A couple of years ago we organised this CHI workshop on meaningful interaction in physiological computing. As much as I felt this was an important area for investigation, I also found the topic very hard to get a handle on. I recently revisited this problem in working on a co-authored book chapter with Kiel on our forthcoming collection for Springer entitled ‘Advances in Physiological Computing’ due out next May.
On reflection, much of my difficulty revolved around the complexity of defining meaningful interaction in context. For systems like BCI or ocular control, where input control is the key function, the meaningfulness of the HCI is self-evident. If I want an avatar to move forward, I expect my BCI to translate that intention into analogous action at the interface. But biocybernetic systems, where spontaneous psychophysiology is monitored, analysed and classified, are a different story. The goal of this system is to adapt in a timely and appropriate fashion and evaluating the literal meaning of that kind of interaction is complex for a host of reasons.
The meaning of a biocybernetic interaction is influenced by three components: (1) the measures used to represent the user and the validity of those measures, (2) the sensitivity of the algorithm designed to classify the state of the user, and (3) what the adaptation actually does at the interface. For this post, I’ll talk about the measures and how this component contributes to the meaning of the interaction.
In the past, I have written about the importance of psychophysiological measures that underpin biocybernetic adaptation reflecting the subjective experience of the user. This is a logical point, because the user is at the heart of the interaction, and to an extent, the one who imbues the interaction with meaning, but there are problems with this position.
The logic of selecting measures that effectively mirror subjective experience begins to break down when one considers how psychophysiological measures relate to first-person experience. There is a well-known study of stress reactivity conducted by Cacioppo et al (1994) that illustrates this point. In this study, participants were exposed to stress (public speech) and heart rate (HR) was measured; the 44 participants differed enormously in their cardiovascular response to stress, from low reactors where HR changed by 5 bpm (beats per min) to high reactors where HR increased by as much as 30 bpm. Despite this huge difference in HR response, subjective estimates of stress were not significantly different between high- and low-reactors, which illustrates an important point – psychophysiology and subjective experience can (and will) dissociate from one another.
This makes perfect sense when you consider that subjective assessment is fundamentally defined by the limits of conscious introspective whereas psychophysiological processes are influenced by both conscious and unconscious processes.
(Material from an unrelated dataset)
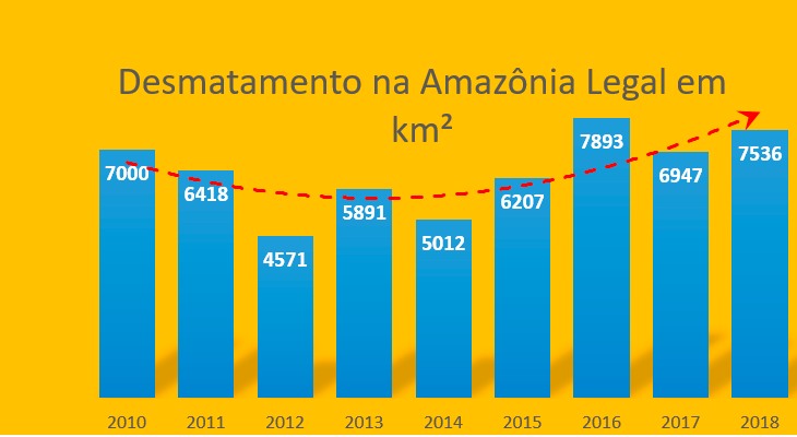 Recorrendo aos dados mais recentes, o Prodes/INPE, tal qual o Imazon, constata uma retomada do crescimento do desmatamento, desde 2013-2014, momento de intensificação da crise política no Brasil, cujo desfecho recente foi a posse de Bolsonaro. A linha de tendência do mapa comprova essa afirmação.

There are even some psychological states, such as sleepiness, where the ability to introspect or accurately self-monitor are adversely affected and become unreliable.
So, is it reasonable to expect a technological system performing a real-time analysis and classification of psychophysiological data to accurately mirror the subjective experience of the person? Should the meaning of the interaction be defined purely with reference to the subjective self-awareness of the user?
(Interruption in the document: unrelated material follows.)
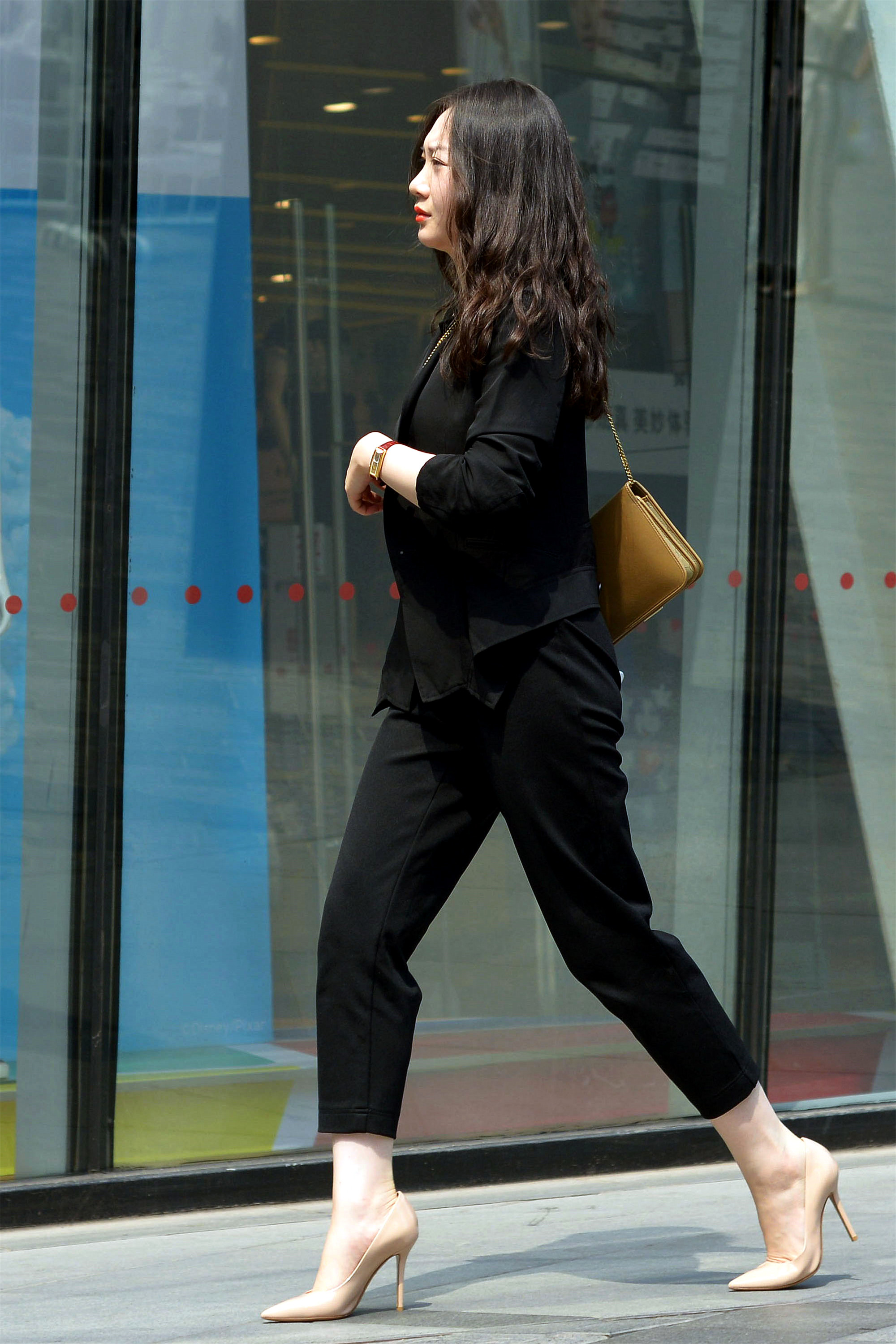 一身黑色也可以搭配出很精彩来,要注意干净利落,不繁琐,简单的休闲西装搭配一条九分窄脚裤,秀出脚踝,与下面的裸色尖头细跟鞋,就这样简答的搭配,却非常出彩,让你看到虽然穿着黑色,但是却非常耐看的感觉。

My feeling is that physiological computing systems ought to be capable of delivering insight, the ability of this category of technology to tell the user something he or she does not know should be a strength, not a weakness.
Meaningful interaction will depend on the availability of measures that have been validated in other ways besides subjective self-assessment. If we define meaning purely in user-centred terms, we run the risk of removing one of the most valuable assets that physiological computing has to offer.